A revolution quietly unfolds in the shadow of DeepSeek, multi-agent compute and AI PCs. The next frontier of AI deployment isn’t about bigger models—it’s about smarter orchestration: optimizing resources with intelligent compute and surgical precision to unleash maximum potential from minimal hardware. 

Software Defined GPU™ (SDG™) – is a smarter, vendor-agnostic way to allocate GPU resources dynamically, fractionally, and just-in-time, with on-demand slicing that fits real workloads. It’s a next-gen xPU virtualization and orchestration of heterogeneous compute to maximize resource utilization, reduce job waiting period, and accelerate time-to-value. 

Fractional GPU memory and computing are the essential backbones of fine-grained dynamic optimization. In this blog, we share our methodology and results using SDG to optimize memory and compute resource allocation with multiple models running concurrently on AMD MI300X GPUs,  and benchmark tests demonstrating substantial gains in model performance and resource utilization. 

AMD MI300 Key Facts 

  1. HBM directly on chip (as compared to Nvidia’s cards where the HBM is on separate chips on the card) which means higher memory bandwidth. This matters a lot for AI workloads because you can load tensors faster and speed up memory-compute especially on concurrent operations.
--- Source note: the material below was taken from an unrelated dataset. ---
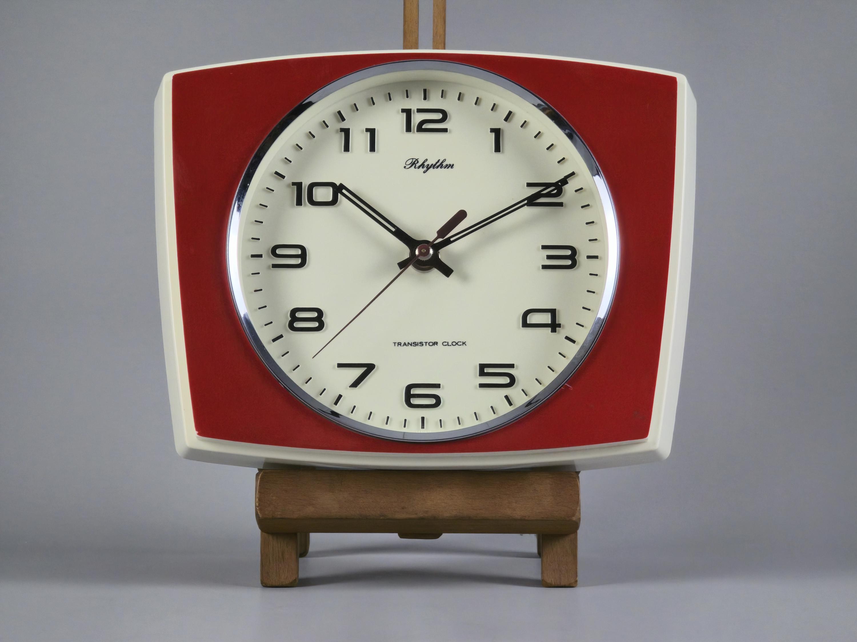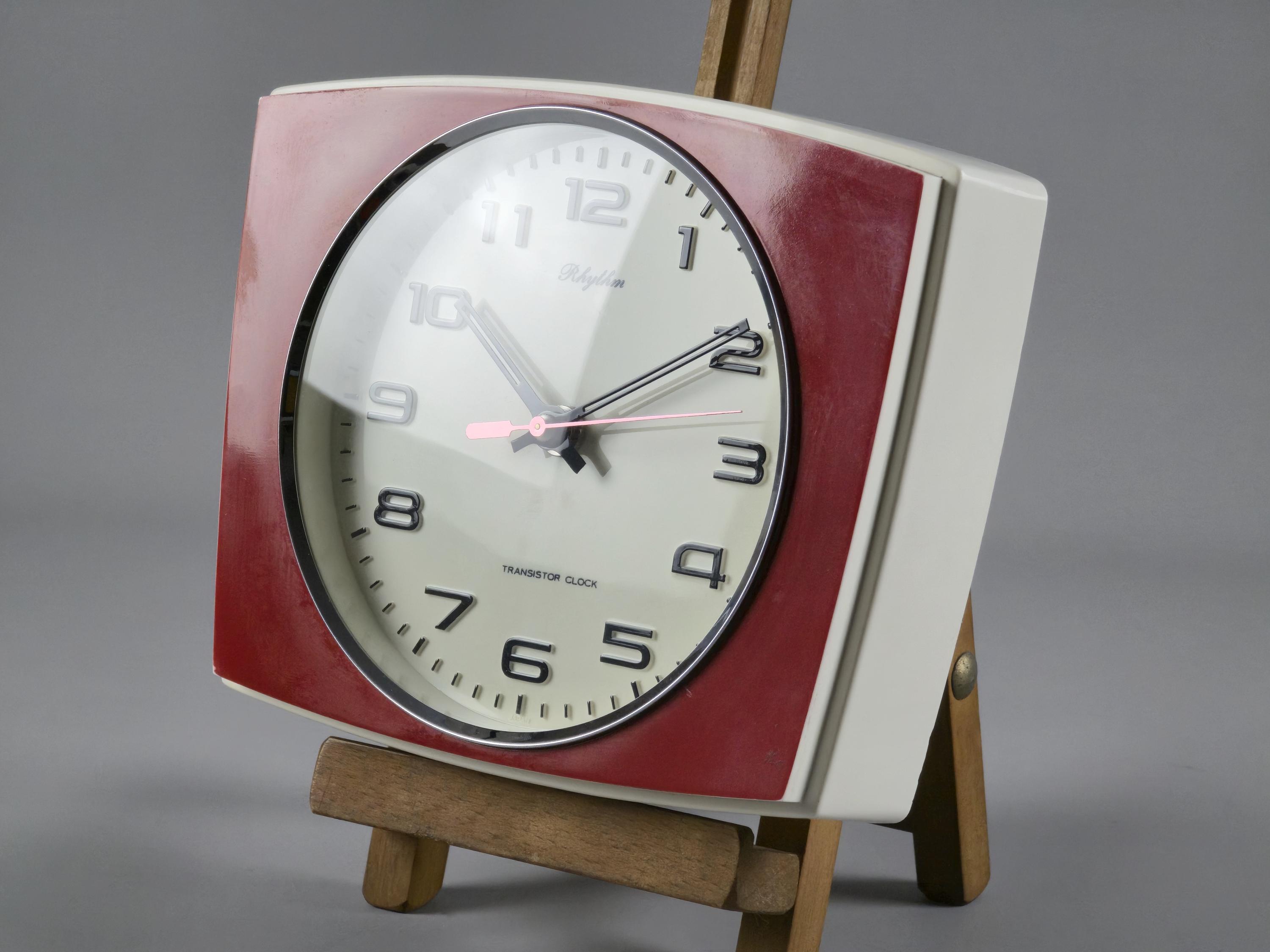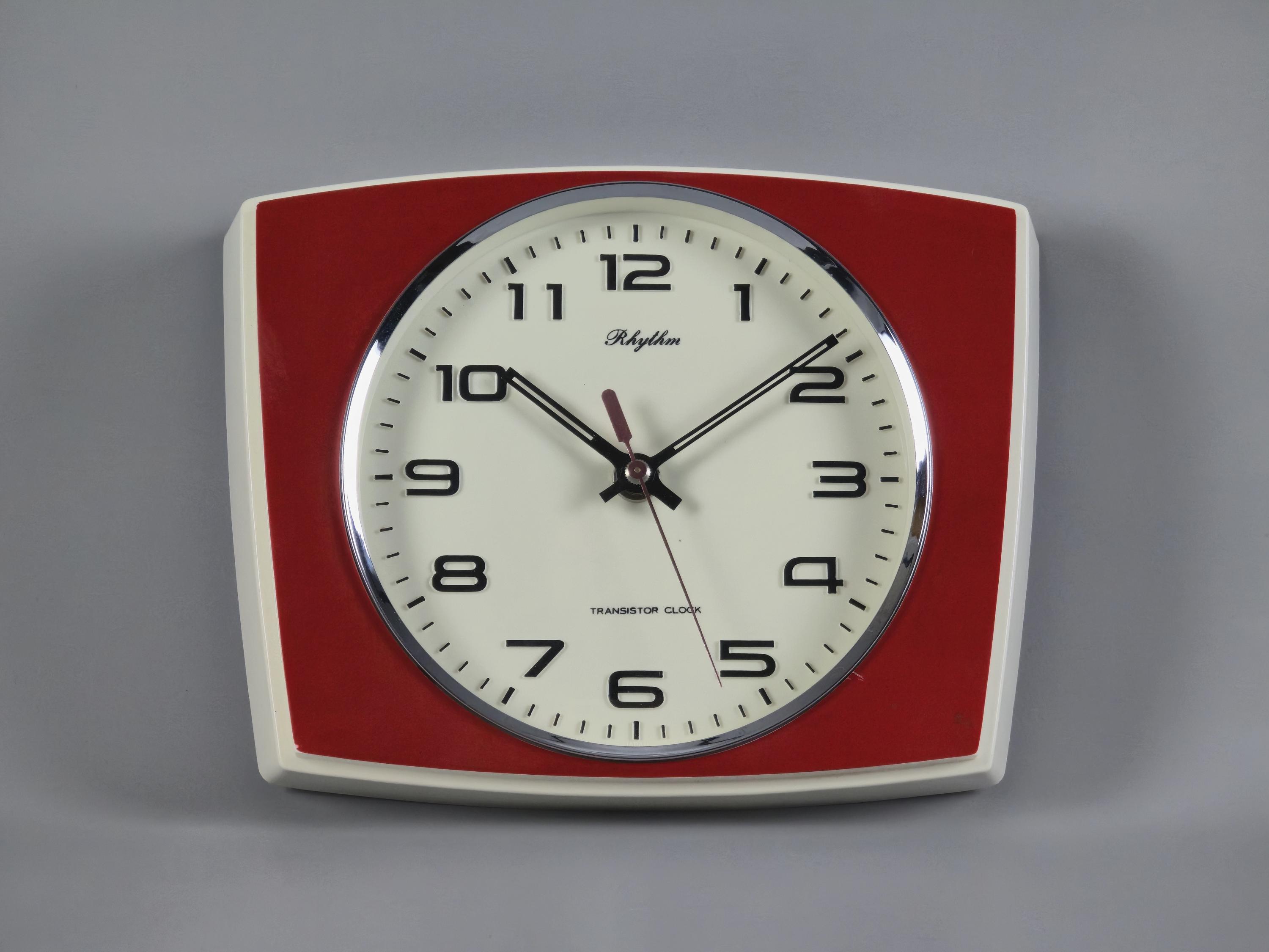 Vintage 1970s Rhythm Transistor Plastic Wall Clock, Japan.

Estimates are 5.3TB/s for the MI300 vs 2-3 TB/S for the H100.
  2. MI300A is an APU with both a GPU and a CPU. This unified memory architecture reduces data copying overhead between CPU and GPU, which is a common problem:
    • Frameworks like vLLM that dynamically swap KV cache between GPU and CPU memory
    • Offloading GPU to CPU memory causes significant overhead
  3. MI300x has 192 GB of HBM3 memory, and MI300A has 128GB of memory (H100 has 80GB): Easily accommodates multiple large model weights, intermediate activations, and fine-tuning data.
  4. MI300 series uses RDMA protocol, meaning GPU-GPU memory transfer doesn’t involve CPU – great for large LLM full training runs.
  5. AMD supports flexible memory and compute slicing, so it allows better control of software-defined GPUs
For the benchmark study, we use MI300x.

Current GPU Sharing Technologies

MIG’s Boundaries

MIG provides good isolation as a hardware partition, but lacks flexibility for elastic and on-demand resources needed from AI workloads:

  • Hardware-limited to A100/H100 datacenter GPUs
  • Fixed partition configurations with predefined resource ratios
  • Difficult to reconfigure dynamically without complete workload disruption
  • Maximum of seven instances regardless of workload requirements

Time Slicing’s Performance Tax

Time slicing is very flexible but lacks isolation

  • Memory allocation contention causing performance degradations between applications
  • Heavy context switching overhead with latency spikes
  • Unpredictable execution windows creating inconsistent performance
  • Inefficient resource allocation across different workload types

SDG: Combining the Best of Both Worlds

Both approaches force painful tradeoffs between flexibility/adaptability AI workload demands, and performance isolation/predictability for production serving. SDG combines the best of both worlds

  • Allow users to request GPUs with arbitrary memory sizes
  • Designed to work with different vendors and versions of GPUs and accelerators
  • Leverage Kubernetes DRA for GPU orchestration and resource management 
  • Industry-leading memory isolation, flexibility, and support of dynamic config
  • Non-intrusive with minimal config needed – users don’t need to adapt programming interfaces

Compared to other existing alternatives, such as GPU sharing feature from KAI (recently open-sourced by Nvidia after Run.ai’s acquisition), SDG provides strong performance isolation to prevent the “noisy neighbor” problem and ensures the QoS in a multi-tenant environment, and can scale to thousand-node clusters. 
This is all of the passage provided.